METHODS: Data sources were CINAHL, Cochrane, EMBASE, ISI, MEDLINE, PsycINFO and SCOPUS databases through January 24, 2011; manual journal searches; reference lists; citation tracking; trial registry reviews. Articles on cancer patients were included if they (1) compared a depression screening instrument to a valid criterion for major depressive disorder (MDD); (2) compared depression treatment with placebo or usual care in a randomized controlled trial (RCT); (3) assessed the effect of screening on depression outcomes in a RCT.

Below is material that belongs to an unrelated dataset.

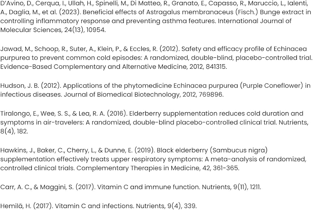 تم تركيبه بواسطة طبيب من أعشاب عضوية تابعة لوزارة الزراعة الأمريكية: جذر إشنسا أنجوستيفوليا العضوي، وفاكهة البلسان العضوية، وجذور استراغالوس العضوية، والأجزاء الهوائية من إشنسا بوربوريا العضوية تجتمع معًا بشكل جميل لتوفير تعزيز سريع للمناعة.

RESULTS: There were 19 studies of screening accuracy, 1 MDD treatment RCT, but no RCTs that investigated effects of screening on depression outcomes. Screening accuracy studies generally had small sample sizes (median = 17 depression cases) and used exploratory methods to set sample-specific cutoff scores that varied substantially across studies. A nurse-delivered intervention for MDD reduced depressive symptoms moderately (effect size = 0.37).
CONCLUSIONS: The one treatment study reviewed reported modest improvement in depressive symptoms, but no evidence was found on whether or not depression screening in cancer patients, either alone or in the context of optimal depression care, improves depression outcomes compared to usual care. Depression screening in cancer should be evaluated in a RCT in which all patients identified as depressed, either through screening or via physician recognition and referral in a control group, have access to comprehensive depression care.